In Asia Minor, on the other hand, the Turks have conducted the campaign with singular skill and sound military judgment. At the outset the Russian force which marched from the Caucasus into Armenia was insufficient for the objects which it had in view. The Russians committed, too, the grave mistake of underrating the enemy which they were about to encounter. This error led them into a hazardous division of their army into three columns, which marched beyond supporting distance of one another, each one seemingly bent on a different purpose. The Turkish general, Mouktar Pasha, who seems to be the only capable soldier the war has yet produced on the Turkish side, acting as he was on a short interior line, quickly saw the advantage of his position, and, rapidly concentrating his army, he fell upon the three Russian columns in detail, forcing them to retire before him, one after the other, although he seems nowhere to have gained a great victory or to have inflicted a very serious loss upon the veteran troops of the army of the Caucasus.
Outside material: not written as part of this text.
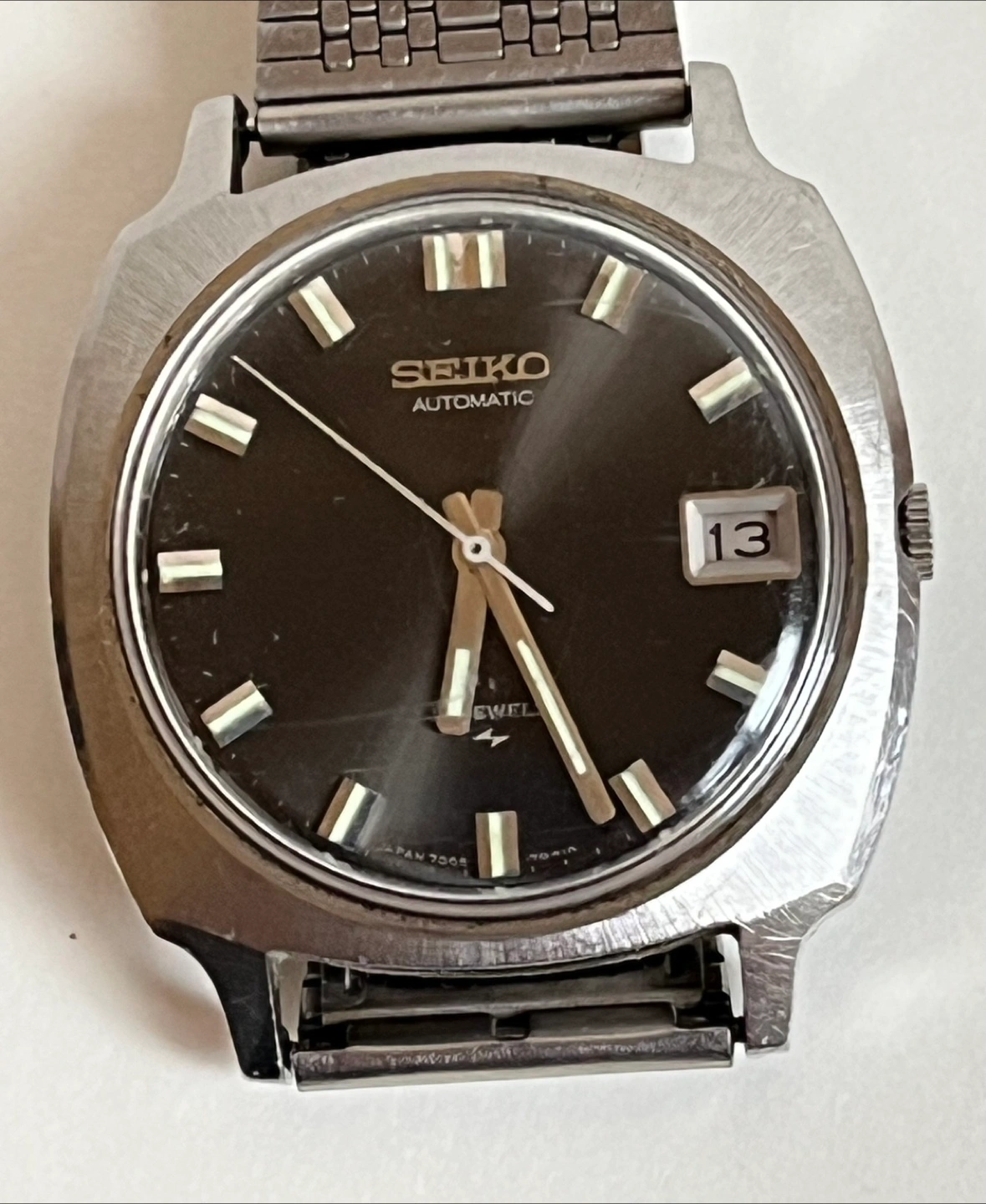 A vintage watch with a dark face. The watch has a date display window at the three o'clock position. It also features a metallic band. Watching the hands move on this watch could bring you a sense of serenity.

To the Russians, the result of the campaign in Asia Minor has been a failure. No one object of the expedition has been permanently accomplished, and the whole work must be re-begun, with stronger forces and on other plans, to insure ultimate success. The occupation of Batoum alone is considered to be of vital importance to Russian interests in the Black Sea 5 and if that city were once within the grasp of the imperial troops, no conditions of peace would ever release it.

With the tenacity of purpose which characterizes the Russians, two additional divisions of the army, numbering, upon paper, about eighty thousand men, have been sent to re-enforce the army of the Caucasus.

I have, &c.,

GEORGE H. BOKER.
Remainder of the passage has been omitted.